Map of the states and territories of the United States as it was from 1850 to March 1853
The Whig vision of the American polity included a high tariff to bolster the central government coffers, so they could finance “infrastructure,” (railroads, canals, bridges, roads etc.), protect the industries of New England, and maintain a strong central banking system. Although unstated publicly, the Whigs hoped to continue the rising political dominance of the Northeast and Midwestern states, downgrading the influence of the Southern states in the national government. Even Southern Whigs would be marginalized if no slave-holding states were created from the territories acquired from Mexico in the War just concluded in 1848. Having failed to prevent Texas statehood, the Whigs were determined to save the newly acquired lands, for white people only.

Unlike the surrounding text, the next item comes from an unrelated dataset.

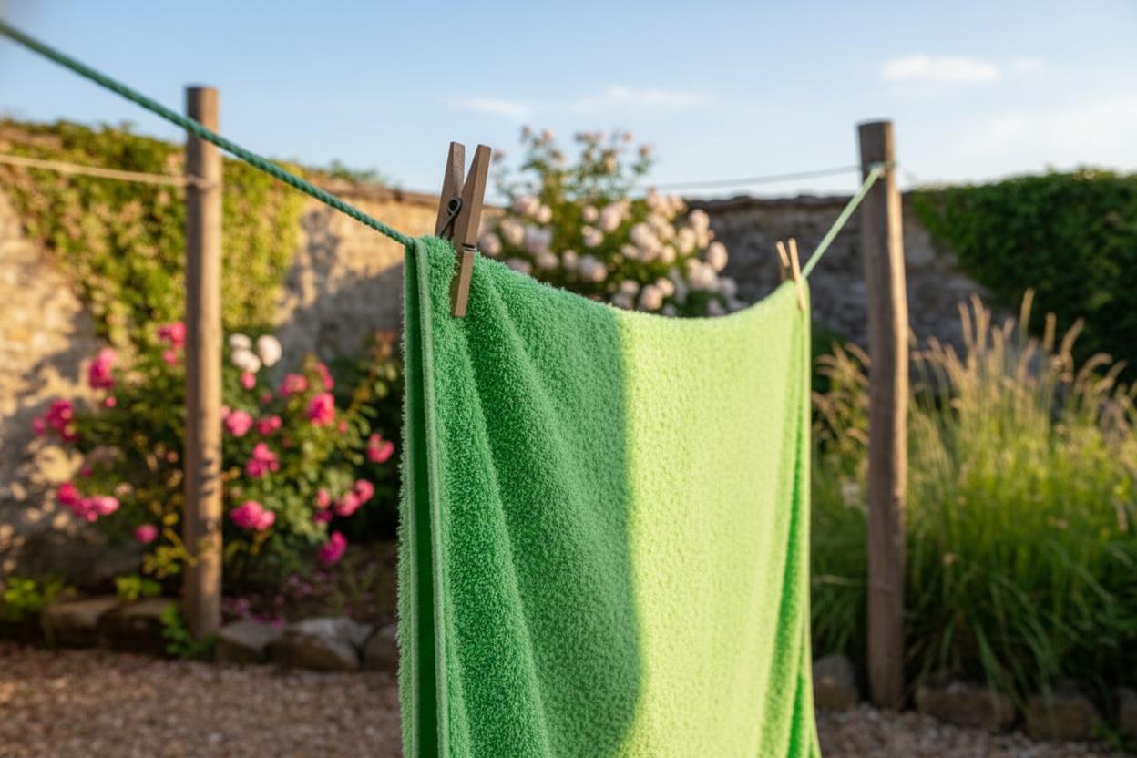 - Сушка. Самый лучший вариант — расправить и высушить на воздухе, вдали от батарей и прямого солнца. Тяжёлые ткани, вроде махры или велюра, сушим на плечиках с широкой формой — иначе вытянутся. Флис и микрофибра допускают сушку в машинке, но только при невысокой температуре и без пересушивания. Если не уверены — лучше на бельевой верёвке, чем в барабане.

The United States Senate, A.D. 1850: Henry Clay takes the floor of the Old Senate Chamber; Vice President Millard Fillmore presides as John C. Calhoun (to the right of Fillmore’s chair) and Daniel Webster (seated to the left of Clay) look on
The basic core of the Whig (soon to be Republican) Party tended to include professionals, Southern plantation owners, social reformers, middle class entrepreneurs and merchants, and Northern evangelicals. They strongly opposed what they considered executive power overreach, although that issue would be set aside for four years after the first Republican electoral success. They did not take a strong stand on the slavery issue, though they would shortly be conjoined with single-issue political parties and people whose purpose for existence belied the Whig attempt to marginalize the slave issues—the abolitionists and the Free Soil Party, and the anti-immigrationists and the American Party (“Know-nothings”).